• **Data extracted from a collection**
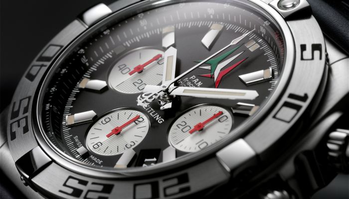The watch is powered by in-house Breitling Caliber 01 chronograph movement with 70 hour power reserve and is water resistant to 500 meters. The limited edition Breitling Chronomat 44 Frecce Tricolori Watches are priced at $9,400.
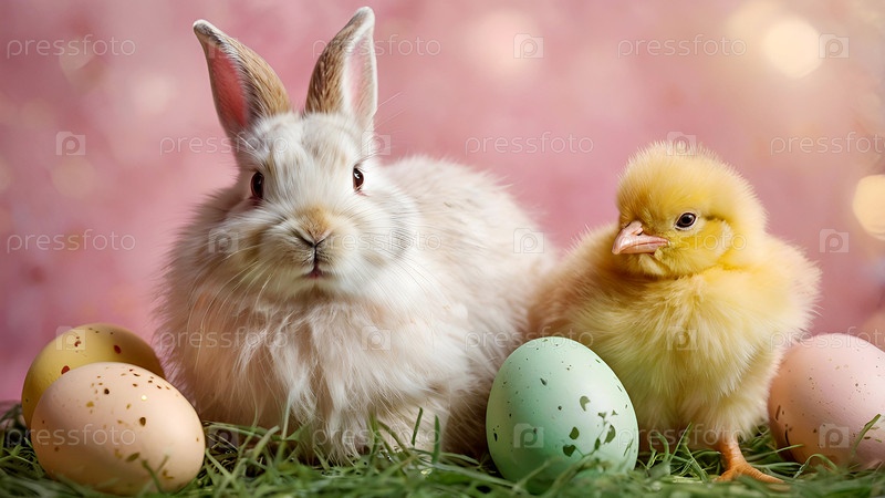 Концепция яркого пасхального праздника: нежные пасхальные яйца, кролики и куры на пастельном фоне
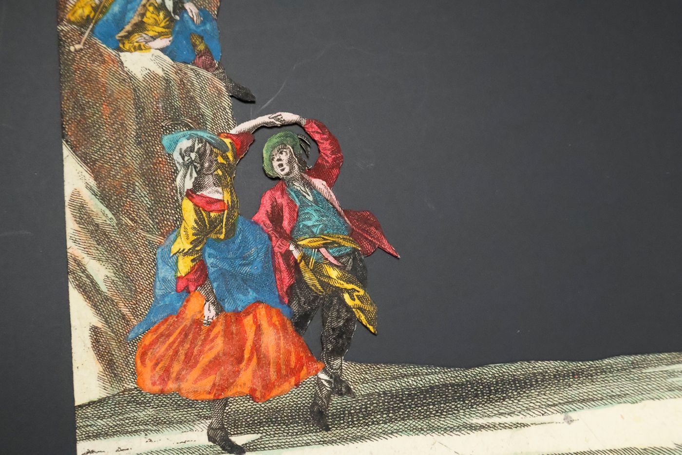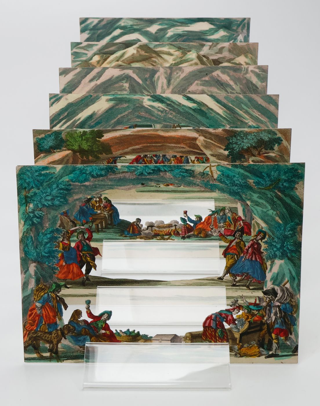 [Augsburg, M. Engelbrecht, [ca. 1750]. Six (of seven) large, oblong cardboard sheets (ca. 16.0 x 20.0 cm), with fine hand-colouring, being five cards with delicate cut-outs and one backpanel, together forming a single scene. Rear panel numbered, in print, N. 51 in the lower margin.
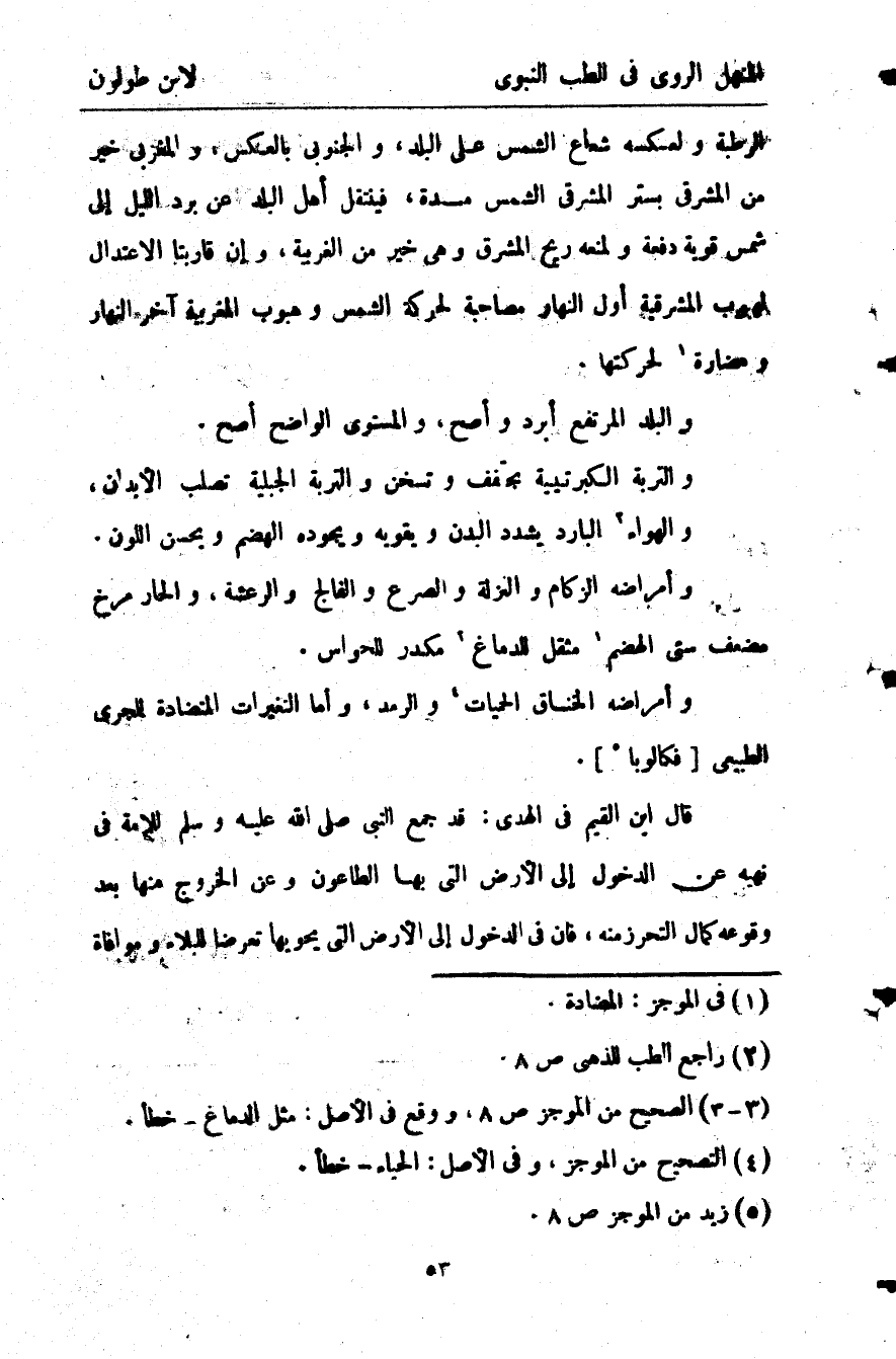 وأما غير طبيعية ولا مضارة لها وذلك من أسباب، إما سماوية كحصول برد إما أرضية كما تكون بسبب اختلاف المساكن، وإما لبعدها عن الاستواء الذي في غاية الاعتدال أو لمجاورتها الجبال أو لوضعها أو لتربتها.
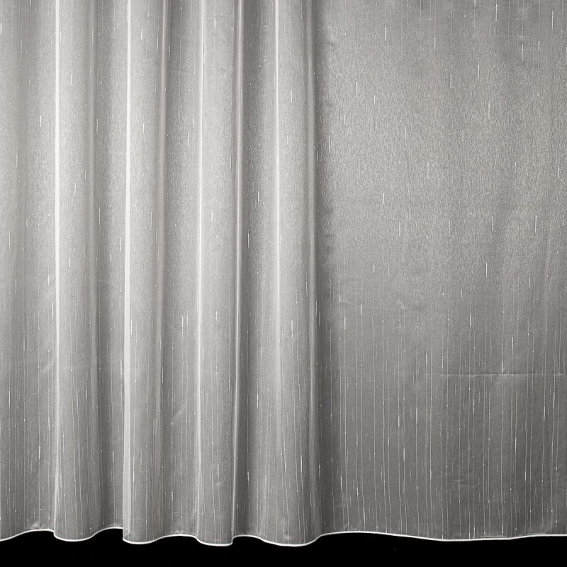 Metrážová jemná žakárová záclona se vzorem bílých nopků v jednobarevné bílé barvě zakončená zátěžovým olůvkem. Záclona je vyrobena ze 100% polyesteru a je dostupná v různých výškách. Výška záclony je měřena v nejdelším místě.

• **The problem**
Please set the data above down exactly, with the pictures removed.

• **Answer to this task**
The watch is powered by in-house Breitling Caliber 01 chronograph movement with 70 hour power reserve and is water resistant to 500 meters. The limited edition Breitling Chronomat 44 Frecce Tricolori Watches are priced at $9,400.
 Концепция яркого пасхального праздника: нежные пасхальные яйца, кролики и куры на пастельном фоне
 [Augsburg, M. Engelbrecht, [ca. 1750]. Six (of seven) large, oblong cardboard sheets (ca. 16.0 x 20.0 cm), with fine hand-colouring, being five cards with delicate cut-outs and one backpanel, together forming a single scene. Rear panel numbered, in print, N. 51 in the lower margin.
 وأما غير طبيعية ولا مضارة لها وذلك من أسباب، إما سماوية كحصول برد إما أرضية كما تكون بسبب اختلاف المساكن، وإما لبعدها عن الاستواء الذي في غاية الاعتدال أو لمجاورتها الجبال أو لوضعها أو لتربتها.
 Metrážová jemná žakárová záclona se vzorem bílých nopků v jednobarevné bílé barvě zakončená zátěžovým olůvkem. Záclona je vyrobena ze 100% polyesteru a je dostupná v různých výškách. Výška záclony je měřena v nejdelším místě.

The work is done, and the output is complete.